Did Neanderthals Bury Their Dead?


Image © Emmanuel Roudier, 2008
Sandgathe et al. take up this question in an article in early view in the Journal of Human Evolution entitled "The Roc de Marsal Neandertal child: A reassessment of its status as a deliberate burial".  The child from Roc de Marsal has been considered by many to be a deliberate burial.

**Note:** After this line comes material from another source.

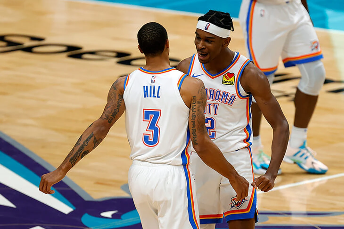 Шэй Гилджес-Александер, казалось бы, остался единственной звездой и получил в свои руки команду, но даже здесь нет никаких тектонических сдвигов. Вопреки ожиданиям его количество бросков и результативность вообще не изменились. Формально он стал практически вдвое больше бросать издали (6,3 вместо 3,6 за игру) и ровно вдвое больше пасовать (6,7 вместо 3,3). Но в реальности это пока никак не изменило его игру: основные очки он все так же набирает в тягучих проходах за счет прекрасного контроля своего долговязого тела, а передачи — это в основном простые скидки из тех же проходов после сдваиваний. Классического звездного заднего, который ведет игру, бросает по 20 раз и плюется трехами с ведения в лоб из него пока (к счастью или сожалению) не получается.

Sangathe and colleagues question the child's status as a burial on several grounds: the position of the body (on its stomach with partially flexed legs), the lack of distinctive burial objects (grave goods), among others.  They even argue that the hole the child was buried in was a natural depression, not a (cave)man-made grave pit.  I find their arguments fairly convincing....which makes me think critically about how quickly we are willing to attribute modern-human like behaviors to ancient human ancestors.

1 comment:

  1. We talked 'bout this with Emily back in Carsac and I remember thinking about Neanderthal's cultural tradition of coming with unusual burial disposals. "Let's put it that way, it looks pretty comfortable." "Really?" The drawing is perfectly painting this.

    For me, the most passionate thing about this site, especially after Harold Dibble's talk at ASU a few months ago, is the use/non-use of fire and the possibility of a natural fire, a giant wild fire caused by the, back then and still today, spooky crazy thunder storms in south-west France.